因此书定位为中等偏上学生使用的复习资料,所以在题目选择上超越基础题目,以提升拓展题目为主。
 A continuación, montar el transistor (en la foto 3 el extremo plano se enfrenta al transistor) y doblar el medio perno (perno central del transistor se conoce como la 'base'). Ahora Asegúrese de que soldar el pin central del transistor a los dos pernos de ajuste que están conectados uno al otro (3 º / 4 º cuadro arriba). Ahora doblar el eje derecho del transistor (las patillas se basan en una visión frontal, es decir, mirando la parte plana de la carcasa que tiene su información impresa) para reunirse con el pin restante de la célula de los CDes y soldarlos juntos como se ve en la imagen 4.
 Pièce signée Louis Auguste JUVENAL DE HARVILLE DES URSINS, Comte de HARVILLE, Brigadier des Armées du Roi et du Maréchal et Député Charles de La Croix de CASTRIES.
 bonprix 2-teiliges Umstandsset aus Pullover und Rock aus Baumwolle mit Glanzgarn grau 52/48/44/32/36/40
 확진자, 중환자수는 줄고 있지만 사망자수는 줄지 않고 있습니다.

_ _ _ _

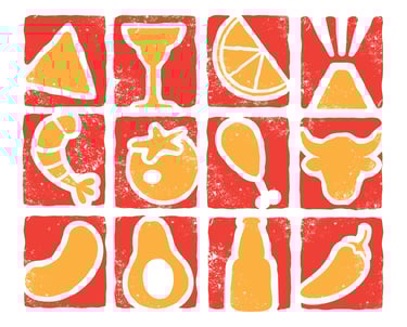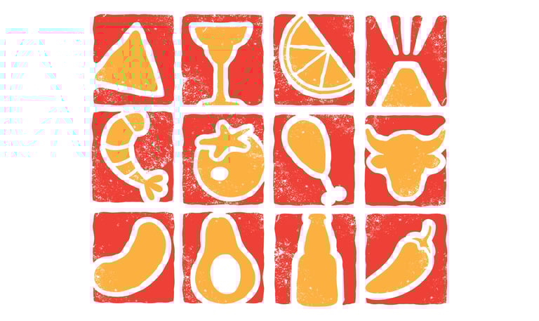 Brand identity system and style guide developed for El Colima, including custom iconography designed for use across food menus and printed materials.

_ _ _ _

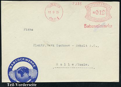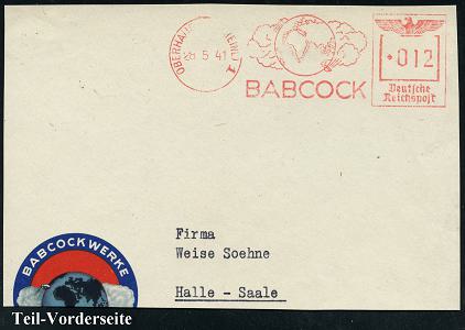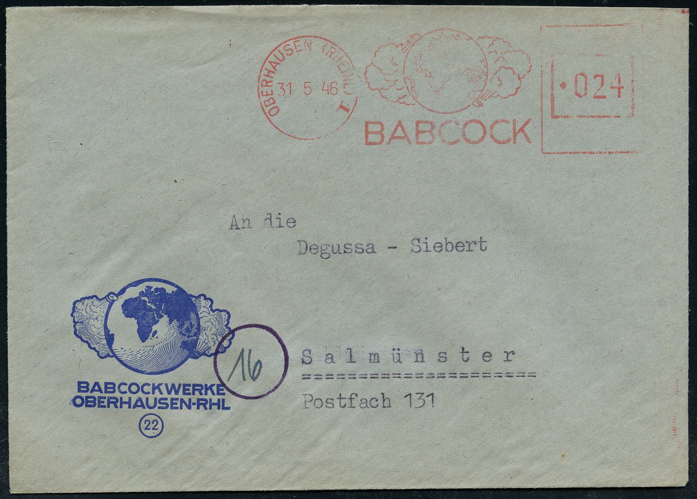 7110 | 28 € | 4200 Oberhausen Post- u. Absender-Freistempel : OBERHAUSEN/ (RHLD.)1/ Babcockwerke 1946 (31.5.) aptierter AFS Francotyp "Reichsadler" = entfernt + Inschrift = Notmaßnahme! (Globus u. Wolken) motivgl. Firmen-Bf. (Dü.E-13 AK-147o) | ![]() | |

_ _ _ _

Exercise prompt -
Copy out precisely the lines from the line with "bonprix 2-teiliges Umstandsset" to the line with "확진자, 중환자수는 줄고 있지만 사망자수는 줄지 않고 있습니다." in the material above, including those two lines and omitting all the rest.

Your response -
 bonprix 2-teiliges Umstandsset aus Pullover und Rock aus Baumwolle mit Glanzgarn grau 52/48/44/32/36/40
 확진자, 중환자수는 줄고 있지만 사망자수는 줄지 않고 있습니다.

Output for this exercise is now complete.